Although creating occasional, ad hoc financial waterfall charts in spreadsheets may be feasible, relying on spreadsheets becomes more challenging when building complex waterfall models. In this scenario, a significant amount of time is spent extracting data from source systems, consolidating it into a model, and constructing intricate formulas, leaving little time for uncovering the strategic insights that could drive business growth.

But even if you’re just building out a simple waterfall chart, there’s the potential for issues in a spreadsheet. Your spreadsheet-based waterfalls are:

  • Prone to human error. Whenever formulas and data are manually inputted into a spreadsheet, there is a risk of errors and typos that can lead to incorrect numbers or even cause the entire model to fail.
  • Poor collaboration tools. Stakeholders in a business may comprehend a waterfall chart created in a spreadsheet, but the limitations become apparent when they cannot drill deeper into the data or add comments with ease. This hinders opportunities to enhance collaboration across the business.
  • Unable to meet real-time demands.

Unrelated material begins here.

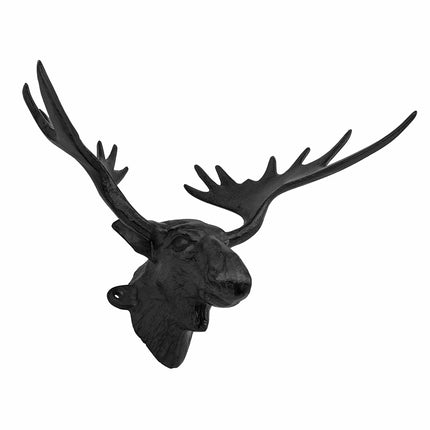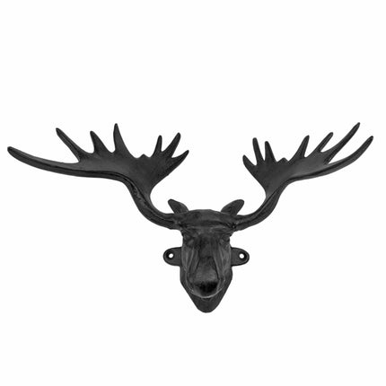 En rejäl väggkrok i form av skogens konung - så ståtlig att den nästan förtjänar egen trofévägg. Tillverkad i tungt gjutjärn och med mäktiga horn som inte bara imponerar, de bär också upp allt från ytterrockar till hundkoppel med kunglig pondus.

The extensive time required to gather the financial and operational data needed for spreadsheet-based waterfalls makes it challenging to keep up with the demands of the business. Automating data aggregation and using real-time data are significant reasons to steer away from spreadsheets for creating waterfall charts and models.

The limitations of spreadsheets are not novel, they have been present since the inception of spreadsheets and are not unique to the creation of waterfall charts in Microsoft Excel 2016.

Just because you have the capability to create waterfall charts in Excel does not necessarily mean it’s the most efficient way to present financial information. Modern finance software provides an alternative solution, making it simple to analyze the numbers, produce visually appealing charts, maintain stakeholder consensus, and automate the creation of waterfall models.